## Required work
In the data below, the answer is the run of lines from the line containing "Sac à main cuir" through the line containing "Облака стекали в", both included; print it exactly and nothing else.

## Source records
━━━━━━━━━━━━━━━━

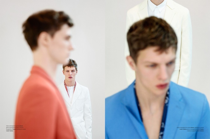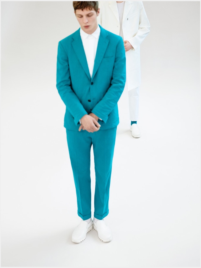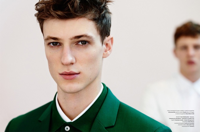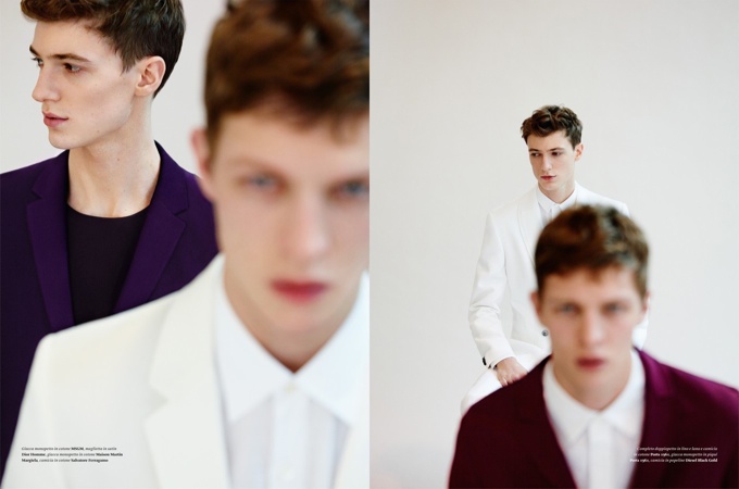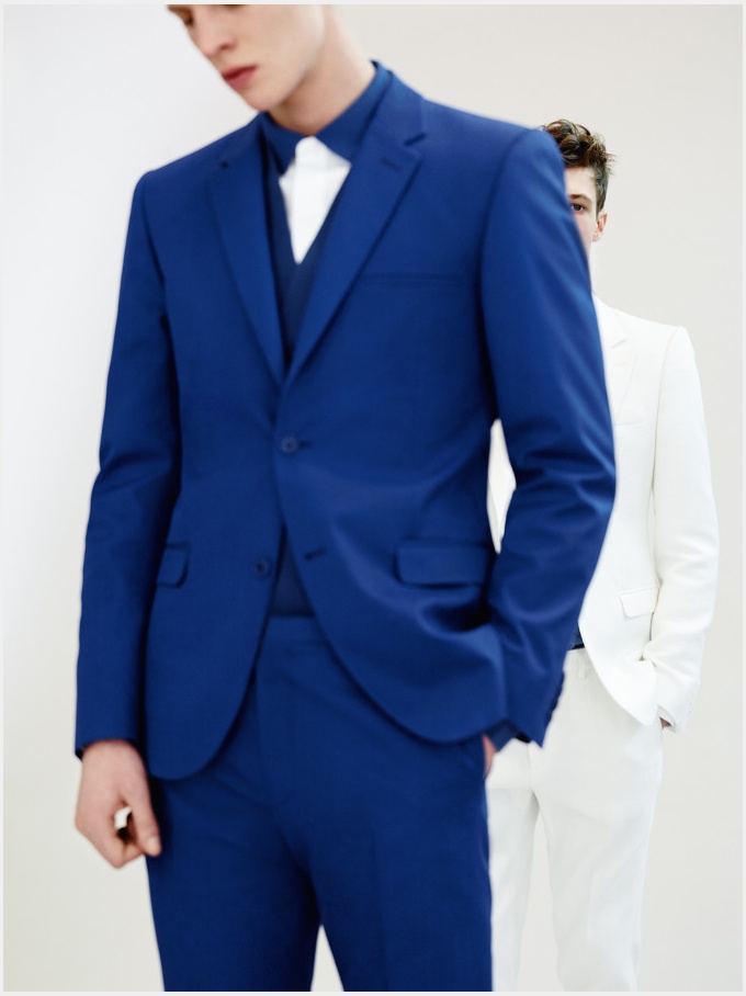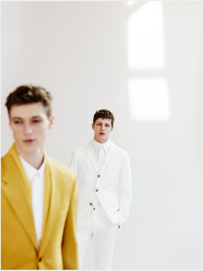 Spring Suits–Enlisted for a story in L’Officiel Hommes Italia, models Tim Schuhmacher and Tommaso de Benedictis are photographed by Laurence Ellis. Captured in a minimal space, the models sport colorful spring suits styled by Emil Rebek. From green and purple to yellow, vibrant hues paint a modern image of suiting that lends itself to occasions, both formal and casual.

━━━━━━━━━━━━━━━━

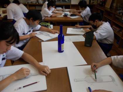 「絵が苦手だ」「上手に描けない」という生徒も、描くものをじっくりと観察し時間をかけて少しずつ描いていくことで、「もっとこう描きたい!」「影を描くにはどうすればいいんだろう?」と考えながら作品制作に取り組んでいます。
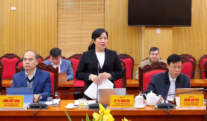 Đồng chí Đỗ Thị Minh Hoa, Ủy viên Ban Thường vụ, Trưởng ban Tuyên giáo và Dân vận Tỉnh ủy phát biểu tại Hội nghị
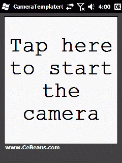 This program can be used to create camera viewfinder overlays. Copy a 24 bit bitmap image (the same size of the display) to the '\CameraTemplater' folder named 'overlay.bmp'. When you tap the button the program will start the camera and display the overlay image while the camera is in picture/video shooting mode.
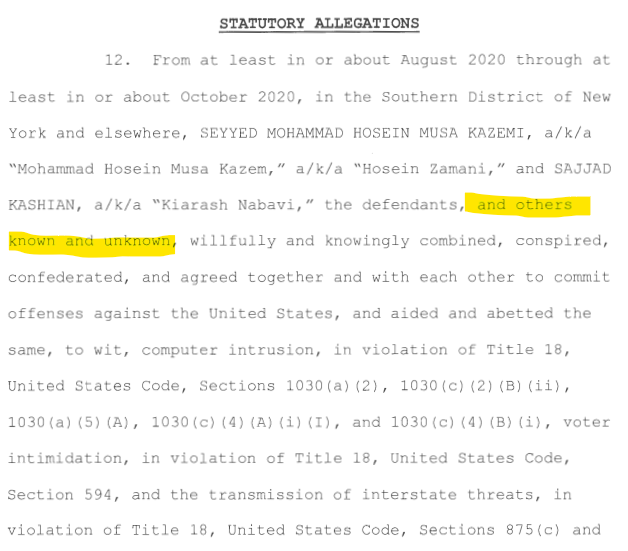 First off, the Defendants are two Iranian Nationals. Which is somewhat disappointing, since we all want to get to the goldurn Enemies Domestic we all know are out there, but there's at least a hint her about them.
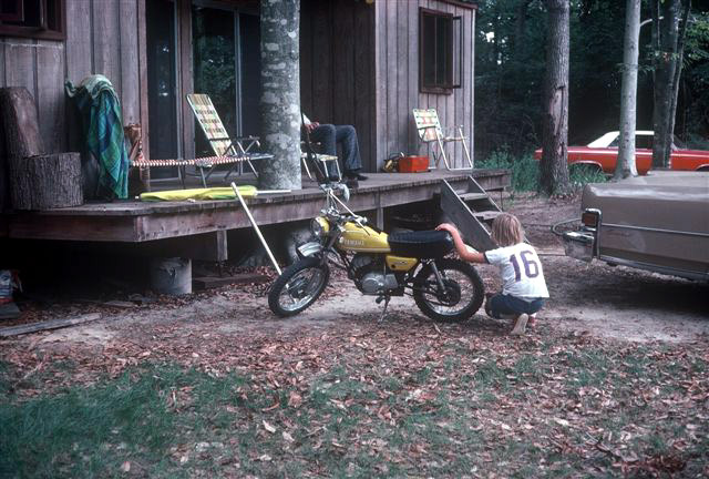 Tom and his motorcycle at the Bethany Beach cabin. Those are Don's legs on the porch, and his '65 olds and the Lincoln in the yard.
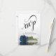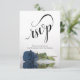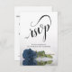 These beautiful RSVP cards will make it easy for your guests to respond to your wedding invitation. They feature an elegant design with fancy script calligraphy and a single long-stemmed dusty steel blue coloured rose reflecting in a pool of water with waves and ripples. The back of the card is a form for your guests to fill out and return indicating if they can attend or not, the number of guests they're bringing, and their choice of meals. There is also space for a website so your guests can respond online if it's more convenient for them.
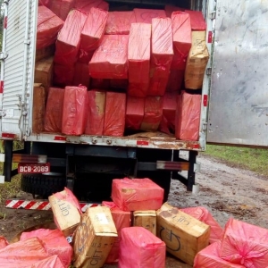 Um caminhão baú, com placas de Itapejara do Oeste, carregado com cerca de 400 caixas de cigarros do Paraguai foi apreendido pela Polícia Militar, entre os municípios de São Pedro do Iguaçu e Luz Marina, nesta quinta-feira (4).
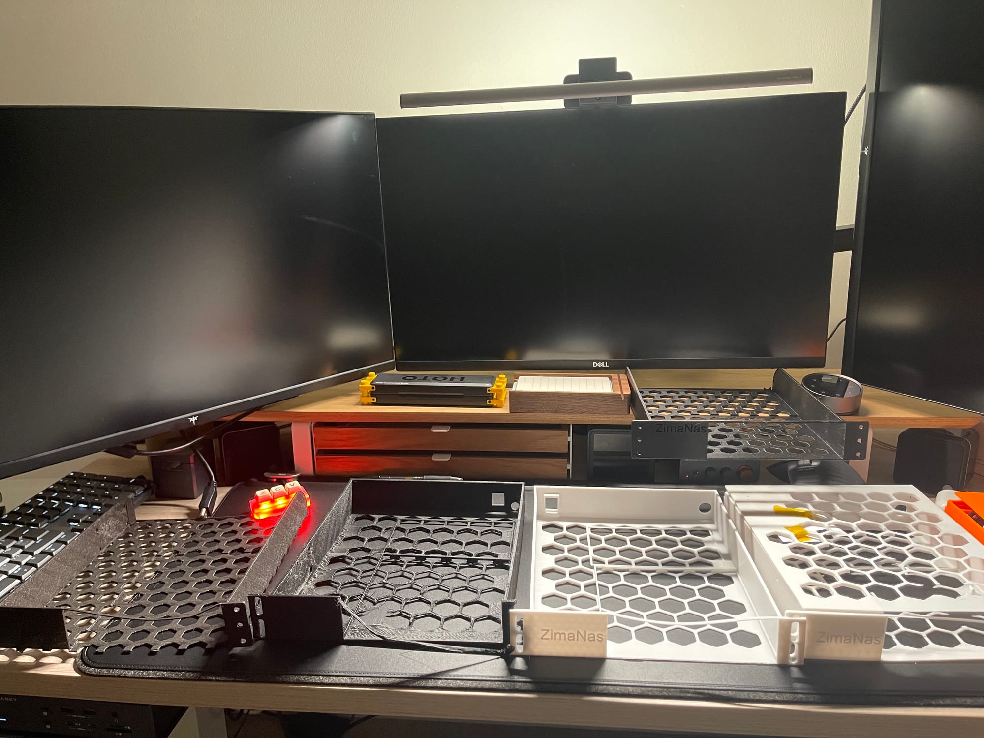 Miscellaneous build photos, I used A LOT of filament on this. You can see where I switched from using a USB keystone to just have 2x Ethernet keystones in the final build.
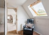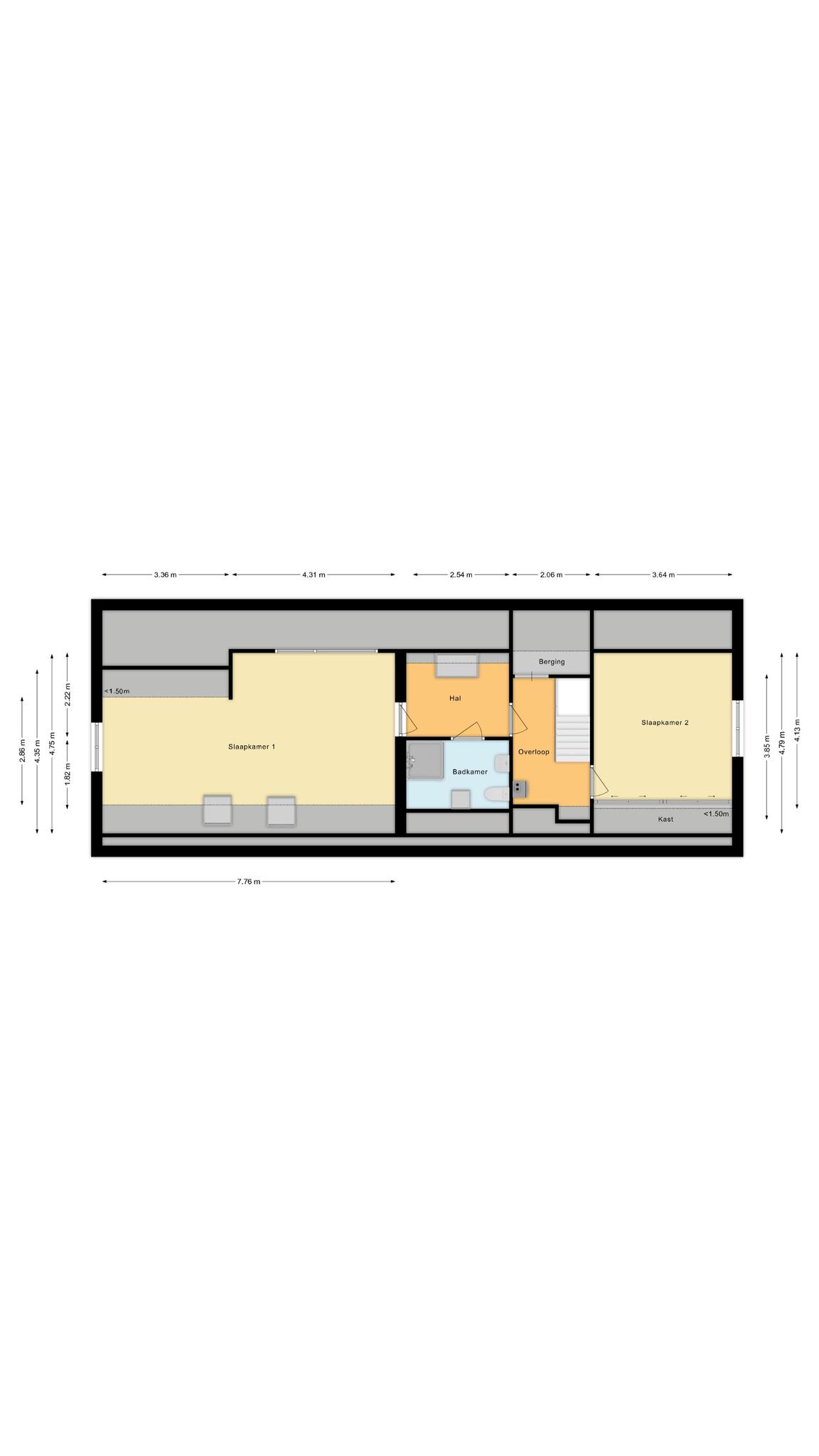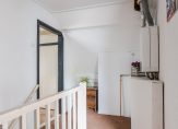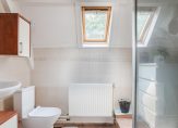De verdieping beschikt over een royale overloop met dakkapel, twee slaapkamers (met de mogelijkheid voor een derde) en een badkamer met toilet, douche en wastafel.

━━━━━━━━━━━━━━━━

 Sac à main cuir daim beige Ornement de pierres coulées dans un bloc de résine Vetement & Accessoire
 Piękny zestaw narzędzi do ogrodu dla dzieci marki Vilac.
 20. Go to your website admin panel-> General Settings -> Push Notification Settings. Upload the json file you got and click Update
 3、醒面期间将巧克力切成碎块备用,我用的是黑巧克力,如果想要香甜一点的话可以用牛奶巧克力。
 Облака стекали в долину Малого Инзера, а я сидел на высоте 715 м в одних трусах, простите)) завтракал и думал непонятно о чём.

━━━━━━━━━━━━━━━━

## Written answer
 Sac à main cuir daim beige Ornement de pierres coulées dans un bloc de résine Vetement & Accessoire
 Piękny zestaw narzędzi do ogrodu dla dzieci marki Vilac.
 20. Go to your website admin panel-> General Settings -> Push Notification Settings. Upload the json file you got and click Update
 3、醒面期间将巧克力切成碎块备用,我用的是黑巧克力,如果想要香甜一点的话可以用牛奶巧克力。
 Облака стекали в долину Малого Инзера, а я сидел на высоте 715 м в одних трусах, простите)) завтракал и думал непонятно о чём.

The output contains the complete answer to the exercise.